Leben[Bearbeiten | Quelltext bearbeiten]

Nach Abitur und Wehrdienst studierte Wolfrum von 1964 bis 1969 Rechtswissenschaften an der Rheinischen Friedrich-Wilhelms-Universität Bonn und an der Eberhard-Karls-Universität Tübingen. Er bestand am 18. Januar 1969 das erste juristische Staatsexamen. Nach der Promotion zum Doktor der Rechte am 29. Juni 1973 und der Referendarzeit, die er am 29. Juni 1973 mit dem zweiten juristischen Staatsexamen abschloss, arbeitete er vom 1. Oktober 1973 bis zum 31. Juli 1978 als wissenschaftlicher Assistent am Institut für Völkerrecht der Universität Bonn. Im Zeitraum vom 1. August 1977 bis 31. Juli 1979 nahm er einen Forschungsaufenthalt an dem Center for Oceans Law and Policy der University of Virginia wahr. Am 28. November 1980 habilitierte er sich und ihm wurde die venia legendi für Öffentliches Recht einschließlich Völkerrecht verliehen.

Vom 6. Mai 1982 bis 30. November 1982 war Wolfrum Professor für Öffentliches Recht und Völkerrecht an der Johannes Gutenberg-Universität Mainz. Im Anschluss daran war er bis zum 30. April 1993 Professor für Öffentliches Recht und Völkerrecht und Direktor des Instituts für internationales Recht an der Universität Kiel. Seit dem 1. Mai 1993 ist er Professor für Völkerrecht der Universität Heidelberg. Zugleich wurde er Direktor am Max-Planck-Institut für ausländisches öffentliches Recht und Völkerrecht in Heidelberg, dessen Leitung er bis zu seinem Ruhestand am 31. Dezember 2012 zusammen mit Armin von Bogdandy innehatte. Seit Januar 2013 ist er Geschäftsführer der Max-Planck-Stiftung für Internationalen Frieden und Rechtsstaatlichkeit.

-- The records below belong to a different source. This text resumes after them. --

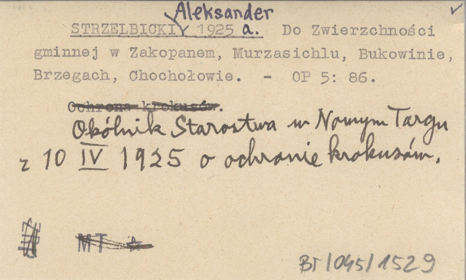 Ochrona Przyrody, 5: 86. Okólnik Starostwa w Nowym Targu z 10 IV 1925 o ochronie krokusów.
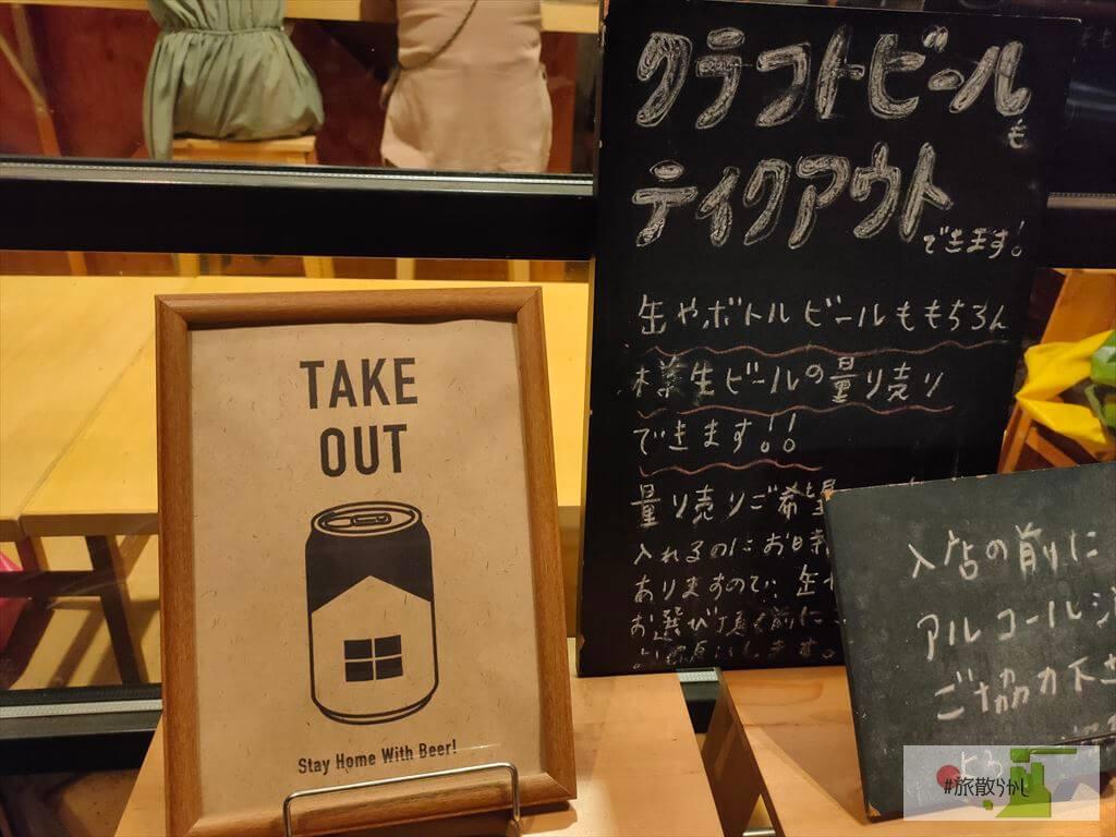 クラフトビールバーなのですが、生ビールをペットボトルに詰めてテイクアウトができます。店内では軽食もいただけます。
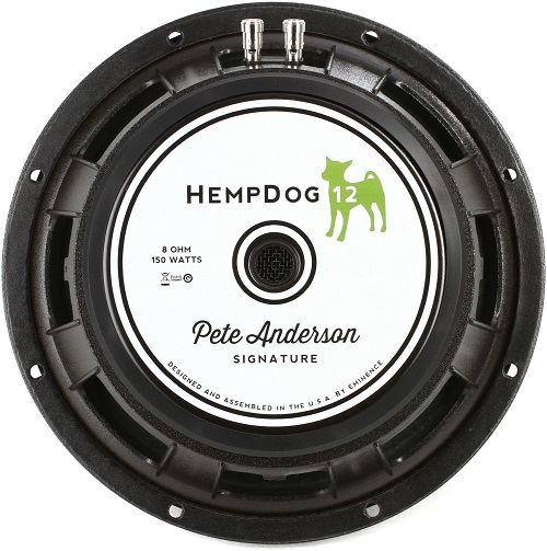 The Eminence HempDog 12 guitar speaker delivers a warm, neutral tone designed to cover all genres of music. With a cast aluminum frame and 102 dB efficiency, this is one heavy-duty driver capable of extreme output levels. Swamp Thang. 12" guitar speaker gives you classic American tone with a big bottom end.

Am 1. August 1996 wurde Wolfrum auf Vorschlag des Auswärtigen Amtes zum Richter am Internationalen Seegerichtshof in Hamburg gewählt, dem er seitdem ununterbrochen angehört. Die letzte Wiederwahl erfolgte am 13. Juni 2008. Von Oktober 2005 bis Oktober 2008 war er in Nachfolge des aus Grenada stammenden Dolliver Nelson Präsident des Gerichtshofes. Zu seinem Nachfolger wurde José Luis Jesus aus Kap Verde gewählt.

Wolfrum war in der Vergangenheit in vielen Ländern als Berater tätig im Zusammenhang mit der Erstellung grundlegender rechtsstaatlicher Verfassungs- und Gesetzesvorhaben. Er bildet u. a. im Sudan die hohen Richter aus; auch ist er als Vermittler im Friedensprozess in Darfur eingesetzt. Er hat Ehrendoktorwürden der Russischen Akademie der Wissenschaften in Moskau (12. Februar 1999) und des Shihutug Law College in Ulaanbaatar (6. Dezember 1999) und am 3. Oktober 2002 die Berufung zum Honorarprofessor an der Juristischen Fakultät der Universität Hamburg erlangt.

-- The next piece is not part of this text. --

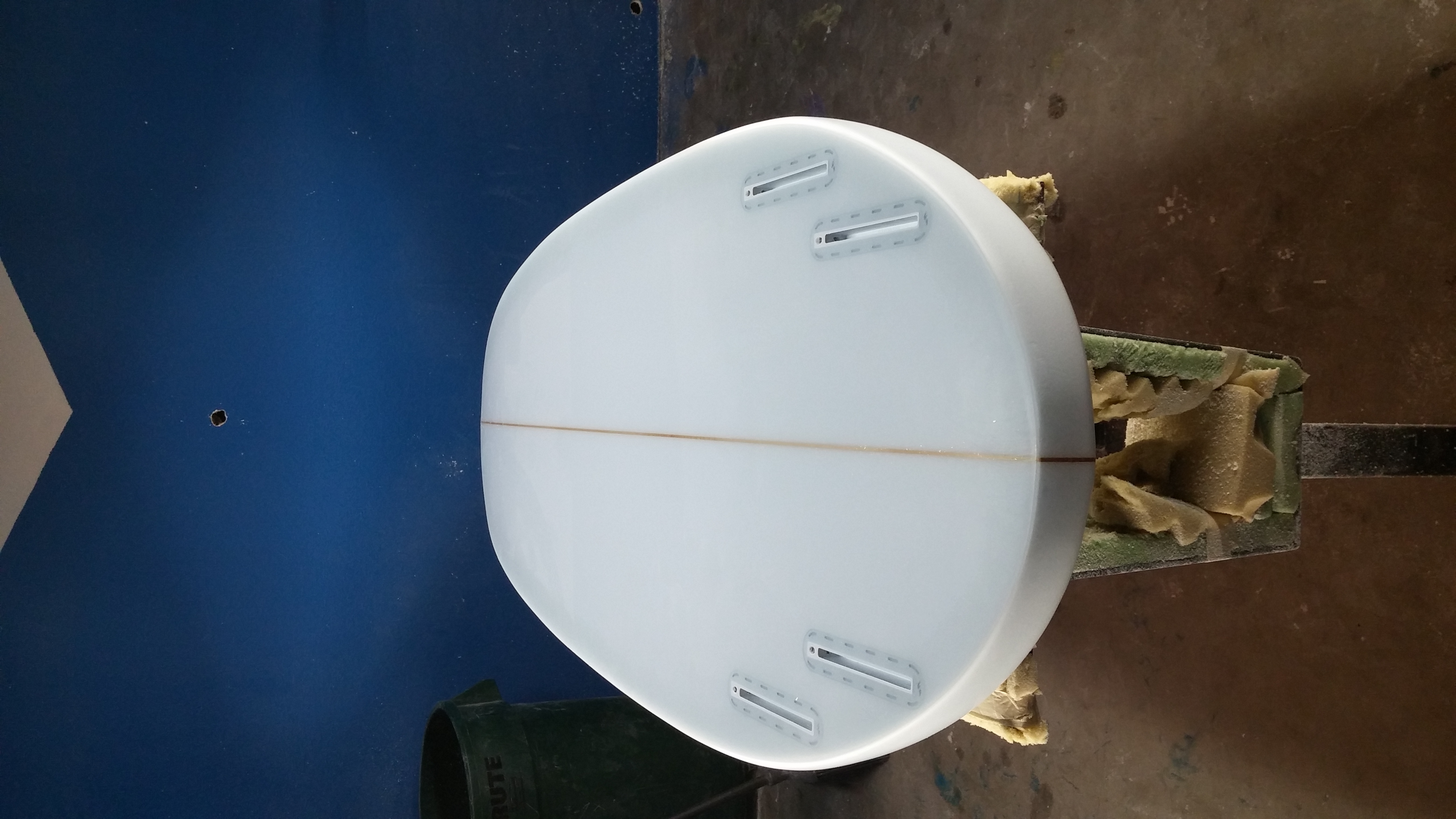 Here's my board I shaped a couple weeks ago. It's in glassing right now shaped out of poly foam. Dims are 4'2 20 at midpoint and I think it's 21 or so at the widepoint. Widepoint about 10 inches back can't really remember. Has a concave deck the whole way through and is 2.25" thick at the stringer and 2.5" thick outside of the concave. rails are pretty thin. Bottom is vee to flat midway and a slight concave through the fins. Set up as a quad with full futures boxes. My first one I did had a single going into a double and was more of a simmons plane shape. Thanks to Soulglider for letting my try one of his boards and it changed my mind on belly in my boards. This board doesn't have belly but I think I'll do one with belly on the next one. The plane shape is very much like my Tbelly I had from Thomas just with a rounder ends. Hopefully I get it in a couple weeks and will do a ride report on it. Thanks for looking.

Wolfrum ist seit dem Jahr 2003 Mitglied der Gelehrtenakademie Leopoldina.[1]

2016 wurde Wolfrum zum Vertreter Osttimors in der Kommission des Schlichtungsverfahrens (auf Grundlage des Seerechtsübereinkommens) zur Lösung der Grenzstreitigkeiten zwischen Australien und Osttimor ernannt.[2]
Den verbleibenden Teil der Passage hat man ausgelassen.